Organizational mandatory (OM) yang kemudian diterjemahkan menjadi tugas dan fungsi organisasi, selanjutnya diiris menjadi program-program teknis sebagai pertanggungjawaban atas pelaksanaan OM-nya. Selain itu, OM pun menjadi dasar dari karakter manajemen organisasi tersebut.
Kita akan mendiskusikan tentang organizational mandatory di halaman lainnya, tapi disini kita kupas tentang mengapa sebuah kementerian, semisal Kementerian Agama, memilih manajemen organisasinya dalam format sentralistik dan bagaimana sesungguhnya cara kerja sentralisasi manajemen organisasi itu.
Mandat bagi kementerian agama adalah pengelolaan kehidupan keagamaan. Dengan mandat itu, maka agama adalah fokus subyek bagi kementerian ini. Tidak mudah? jelas, karena agama adalah seperangkat keyakinan, konsep, perspektif, dan praktek kehidupan yang dimensinya berpendar ke seluruh aspek kehidupan kemanusiaan pada semua konteks dan perannya.
Tidak ada aspek kehidupan kemanusiaan dan kemasyarakatan yang tidak ada rujukannya pada agama karena agama adalah pedoman hidup dengan berbagai aspeknya. Pada konteks Indonesia, agama merupakan urat nadi bangsa ini.
Gerakan perlawanan perjuangan pra-kemerdekaan menyeruak di seluruh pelosok nusantara, faktor keagamaan acapkali menjadi pemicu utama.

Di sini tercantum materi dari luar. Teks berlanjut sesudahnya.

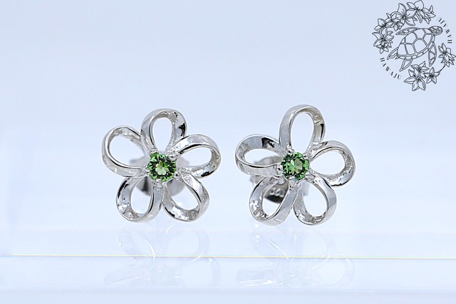 ピアス プルメリア グリーンスワロフスキー スターリングシルバー シルバー ハワイアンジュエリー ハワジュ SSE98GSWP
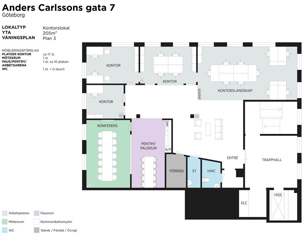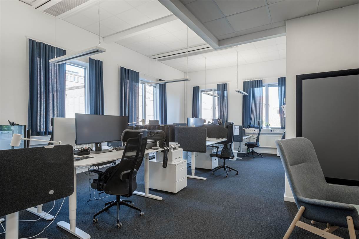 Lokalen ligger på plan 3 och erbjuder en flexibel planlösning med öppna ytor för gemensamt arbete, kompletterat med flera större och mindre rum som kan användas som kontor, mötesrum eller kreativa projektutrymmen. Ljusa ytor, modern standard och hiss i huset skapar en trivsam och funktionell arbetsmiljö.

Pada saat rumusan bentuk negara, agama pun diletakan sebagai salah satu prinsip dasar berbangsa dan bernegara. Pada saat prosesi kemerdekaan, kembali agama menempati posisi penting sebagai bagian dari variable core kemerdekaan.
Agama tidak akan pernah absen pada setiap episode kesejarahan bangsa ini; seperti apa potret kehidupan keagamaan kita, akan seperti itu pula peta nasional tergambar.
Kementerian Agama dibidani tidak setelah rancang-bangun negara ini ditetapkan. Gagasan tentang pengelolaan negara pada tema agama dirumuskan pada saat merancang bentuk Indonesia, bukan setelahnya. Bahkan konvensi luhur tentang positining agama pada pembentukan negara ini menjadi energi utama yang memastikan kebersatuan dalam keberbedaan.
Sejarah mencatat bahwa salah satu konvensi penting dalam perumusan negara-bangsa ini adalah kesepakatan agar keberbedaan agama dihormati, dihargai, bahkan dijadikan bahan dasar tegak berdirinya Indonesia. Umat mayoritas melindungi yang minoritas, demikain sebaliknya umat minoritas menghargai yang mayoritas.
Pada level ini, institusionalisasi manajemen agama di Indonesia dihadirkan untuk memastikan kebebasan beragama dengan tetap menjaga toleransi atas prinsip-prinsip kebhinnekaan yang menjadi eksistensi kita sebagai negara-bangsa.
Kementerian Agama hadir untuk menjalankan misi besar ini; pengelolaan tatanan kehidupan keagamaan dalam konteks bhinneka tunggal ika. Lalu pola manajemen apa yang paling mendasar untuk kementerian ini?
Sentralisasi manajemen, sudah benar dan tepat dipilih oleh Kementerian Agama. Pemilihan pola manajemen sentralistik pada urusan agama diarahkan untuk menggaransi agar peran pemerintah pada urusan agama terintegrasi, menyeluruh, dan berbasis cara pandang nasional yang berlandaskan pada cita bhinneka tunggal ika.
Core point per-hari ini adalah apakah manajemen sentralistik pada urusan agama itu sudah terpahami dan terimplementasi dengan baik dan tepat, oleh pengelolanya maupun publik?